• **PROBLEM TO WORK ON**
What is needed is an exact copy of the lines in the entries below from the one holding "최선주 불러서 도장원" through the one holding "In order to", pictures excluded.
##### RECORDS SHOWN
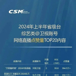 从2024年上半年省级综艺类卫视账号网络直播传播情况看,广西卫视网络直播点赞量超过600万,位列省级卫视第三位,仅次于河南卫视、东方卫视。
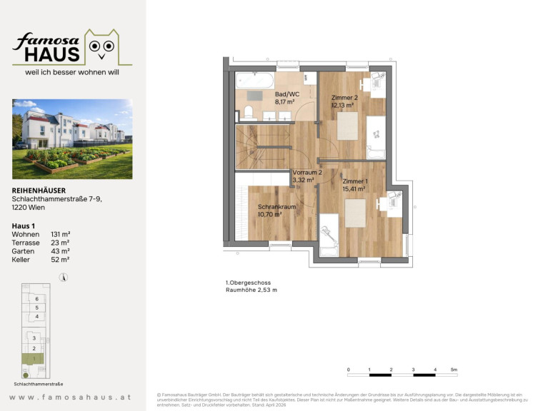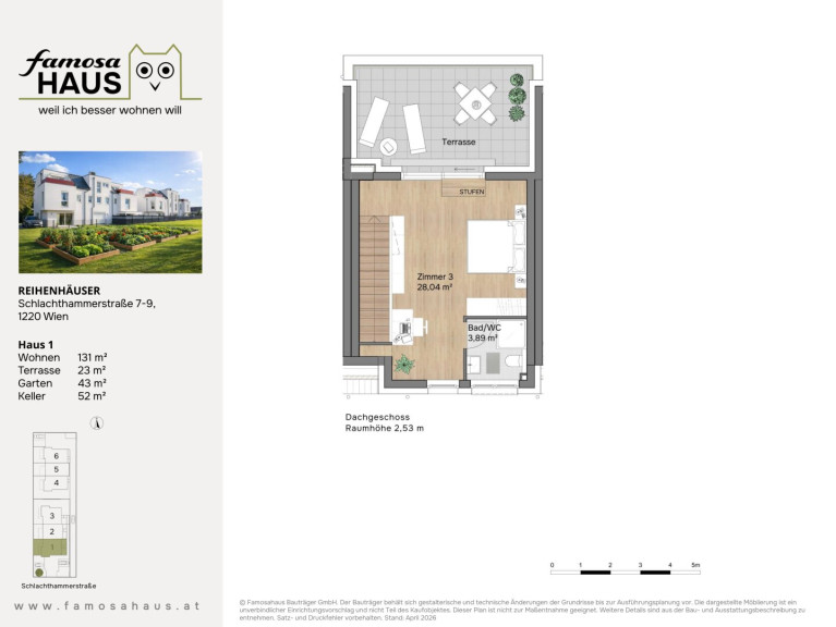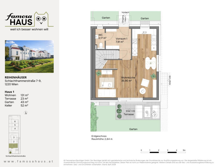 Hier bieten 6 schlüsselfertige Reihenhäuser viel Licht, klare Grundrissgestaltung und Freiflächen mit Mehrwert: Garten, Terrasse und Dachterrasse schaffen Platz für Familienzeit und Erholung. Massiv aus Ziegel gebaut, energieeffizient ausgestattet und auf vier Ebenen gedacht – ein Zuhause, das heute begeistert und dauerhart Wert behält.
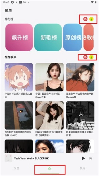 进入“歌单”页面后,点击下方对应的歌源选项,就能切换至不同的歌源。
##########
##### RECORDS SHOWN
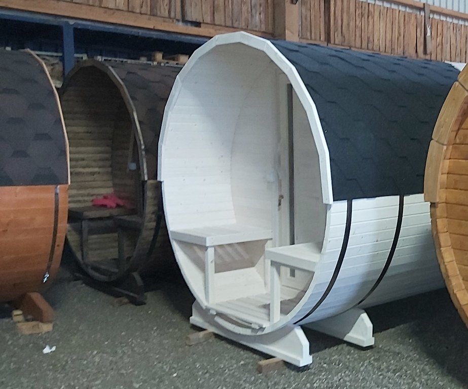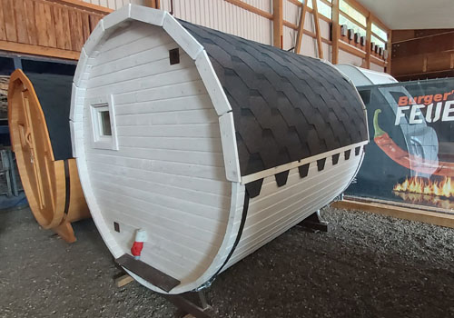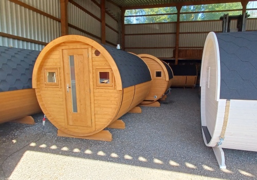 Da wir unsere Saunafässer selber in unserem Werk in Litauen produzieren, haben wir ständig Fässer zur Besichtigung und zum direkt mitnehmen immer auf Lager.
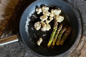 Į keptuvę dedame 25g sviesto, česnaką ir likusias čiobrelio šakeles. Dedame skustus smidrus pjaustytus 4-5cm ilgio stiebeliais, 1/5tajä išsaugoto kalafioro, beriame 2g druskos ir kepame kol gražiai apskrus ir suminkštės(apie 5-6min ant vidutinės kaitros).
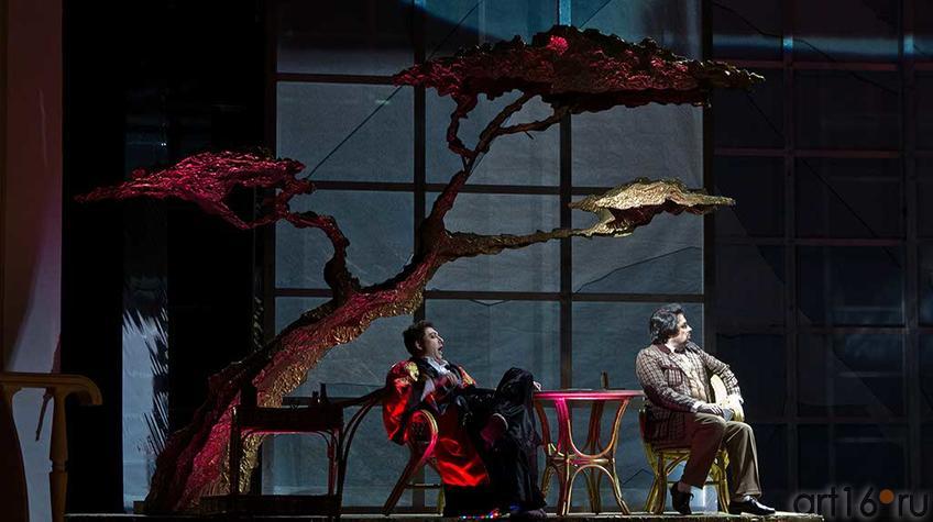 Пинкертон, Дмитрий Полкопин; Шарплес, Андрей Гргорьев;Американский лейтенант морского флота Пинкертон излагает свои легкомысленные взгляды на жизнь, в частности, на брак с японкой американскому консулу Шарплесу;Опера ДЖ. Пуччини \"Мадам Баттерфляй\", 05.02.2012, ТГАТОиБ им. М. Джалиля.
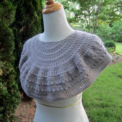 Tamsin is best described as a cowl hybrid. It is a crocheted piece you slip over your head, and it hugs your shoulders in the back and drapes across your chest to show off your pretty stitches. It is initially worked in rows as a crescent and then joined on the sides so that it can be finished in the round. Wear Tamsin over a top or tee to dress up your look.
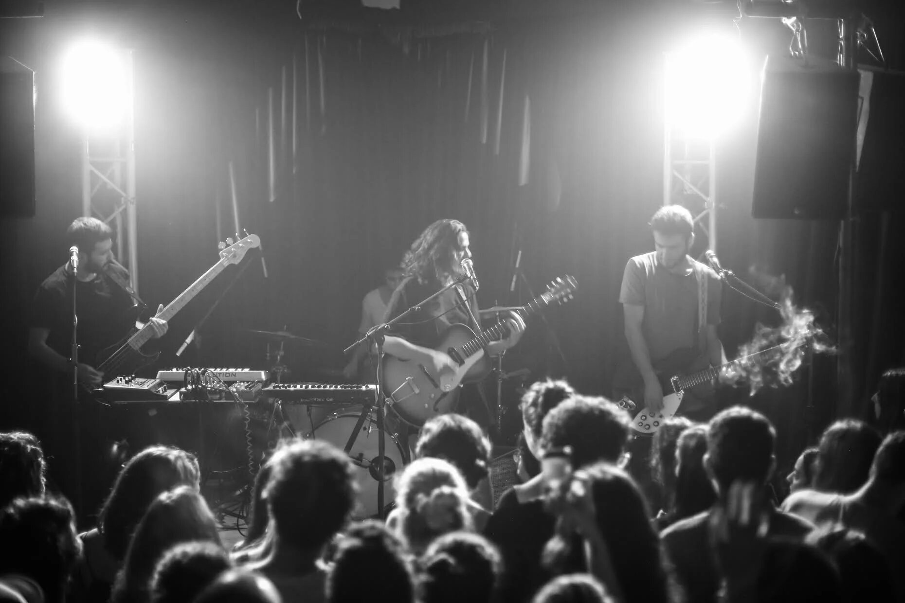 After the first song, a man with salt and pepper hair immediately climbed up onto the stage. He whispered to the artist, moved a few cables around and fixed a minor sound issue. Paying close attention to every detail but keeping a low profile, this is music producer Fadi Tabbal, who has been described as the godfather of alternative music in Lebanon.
##########
##### RECORDS SHOWN
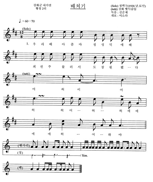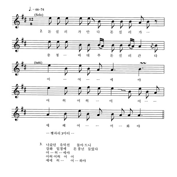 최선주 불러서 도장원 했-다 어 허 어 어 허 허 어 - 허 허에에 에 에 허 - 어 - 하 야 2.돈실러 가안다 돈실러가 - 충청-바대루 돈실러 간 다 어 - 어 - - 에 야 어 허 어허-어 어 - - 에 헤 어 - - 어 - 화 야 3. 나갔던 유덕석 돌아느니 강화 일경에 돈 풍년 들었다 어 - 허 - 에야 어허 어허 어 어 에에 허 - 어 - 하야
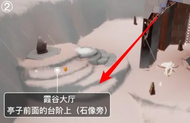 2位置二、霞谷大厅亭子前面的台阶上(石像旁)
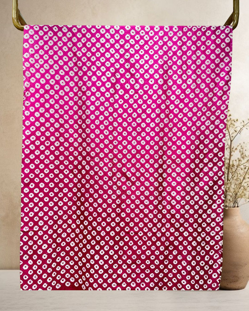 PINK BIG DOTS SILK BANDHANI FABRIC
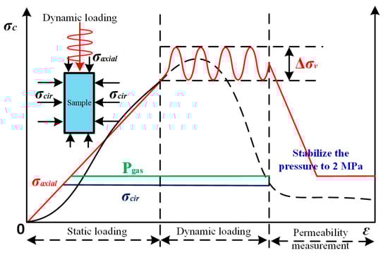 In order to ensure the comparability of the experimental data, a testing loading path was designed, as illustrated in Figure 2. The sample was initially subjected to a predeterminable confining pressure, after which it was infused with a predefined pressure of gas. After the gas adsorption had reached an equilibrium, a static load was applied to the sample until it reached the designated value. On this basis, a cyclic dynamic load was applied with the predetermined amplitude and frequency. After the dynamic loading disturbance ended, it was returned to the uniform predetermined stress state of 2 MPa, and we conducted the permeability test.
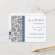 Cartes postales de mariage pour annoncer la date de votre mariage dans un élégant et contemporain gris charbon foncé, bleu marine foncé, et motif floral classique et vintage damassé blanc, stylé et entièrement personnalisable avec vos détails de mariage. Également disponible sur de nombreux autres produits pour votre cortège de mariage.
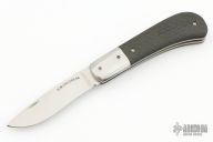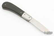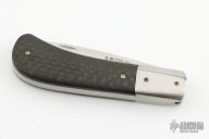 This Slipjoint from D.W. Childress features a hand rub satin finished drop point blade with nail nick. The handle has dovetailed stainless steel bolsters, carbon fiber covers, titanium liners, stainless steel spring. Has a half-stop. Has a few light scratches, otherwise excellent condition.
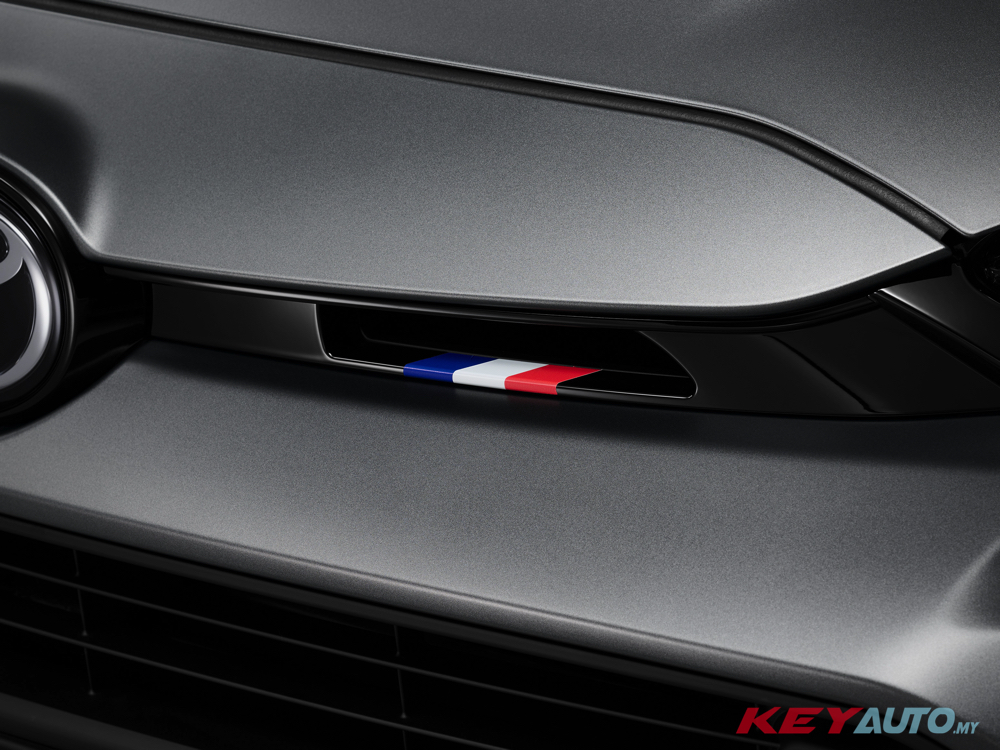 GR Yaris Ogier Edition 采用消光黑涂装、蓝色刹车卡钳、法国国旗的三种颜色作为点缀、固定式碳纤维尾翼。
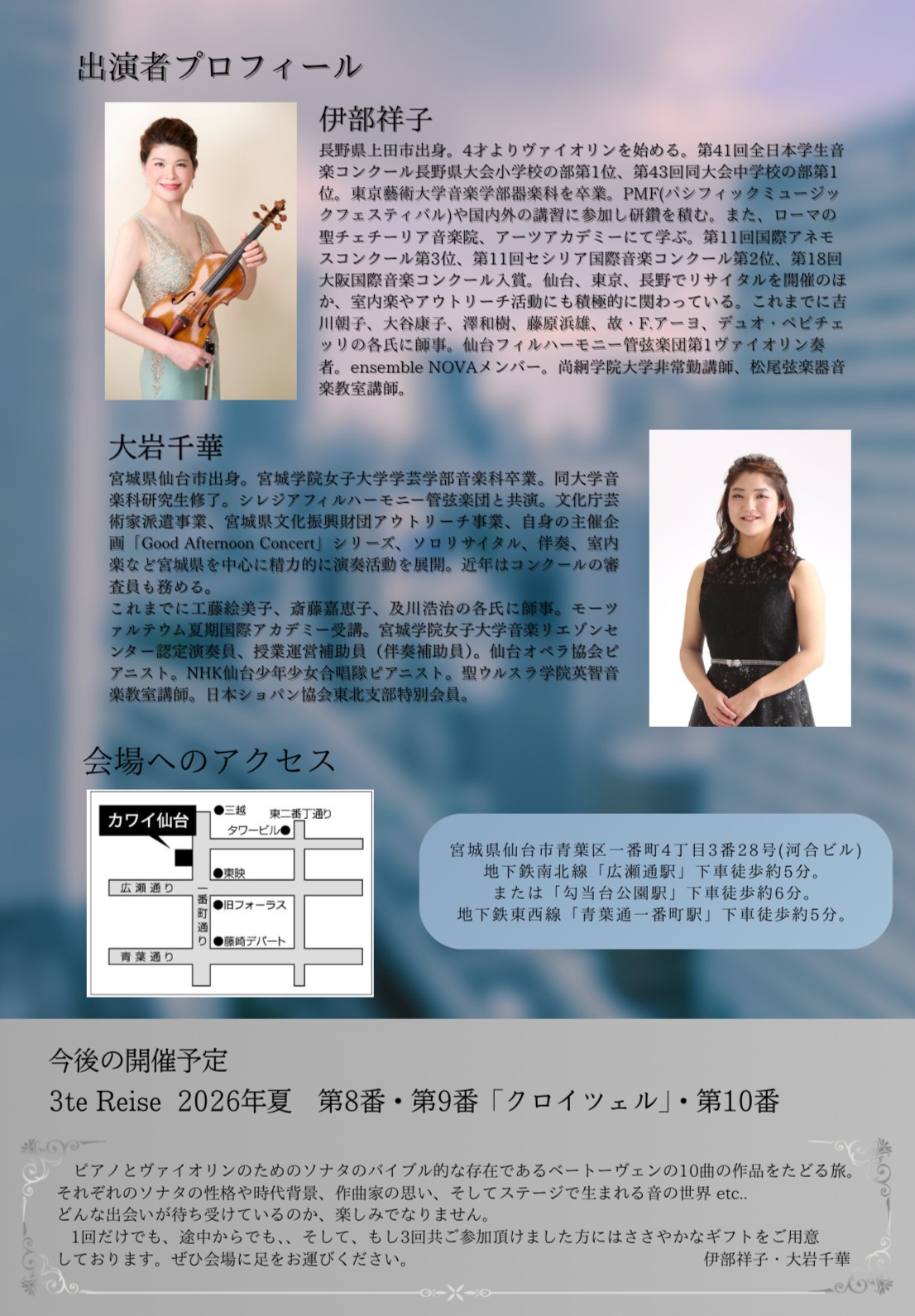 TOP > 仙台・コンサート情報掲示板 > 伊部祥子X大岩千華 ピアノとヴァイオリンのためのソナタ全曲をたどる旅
##########
• **OUTPUT BELOW**
 최선주 불러서 도장원 했-다 어 허 어 어 허 허 어 - 허 허에에 에 에 허 - 어 - 하 야 2.돈실러 가안다 돈실러가 - 충청-바대루 돈실러 간 다 어 - 어 - - 에 야 어 허 어허-어 어 - - 에 헤 어 - - 어 - 화 야 3. 나갔던 유덕석 돌아느니 강화 일경에 돈 풍년 들었다 어 - 허 - 에야 어허 어허 어 어 에에 허 - 어 - 하야
 2位置二、霞谷大厅亭子前面的台阶上(石像旁)
 PINK BIG DOTS SILK BANDHANI FABRIC
 In order to ensure the comparability of the experimental data, a testing loading path was designed, as illustrated in Figure 2. The sample was initially subjected to a predeterminable confining pressure, after which it was infused with a predefined pressure of gas. After the gas adsorption had reached an equilibrium, a static load was applied to the sample until it reached the designated value. On this basis, a cyclic dynamic load was applied with the predetermined amplitude and frequency. After the dynamic loading disturbance ended, it was returned to the uniform predetermined stress state of 2 MPa, and we conducted the permeability test.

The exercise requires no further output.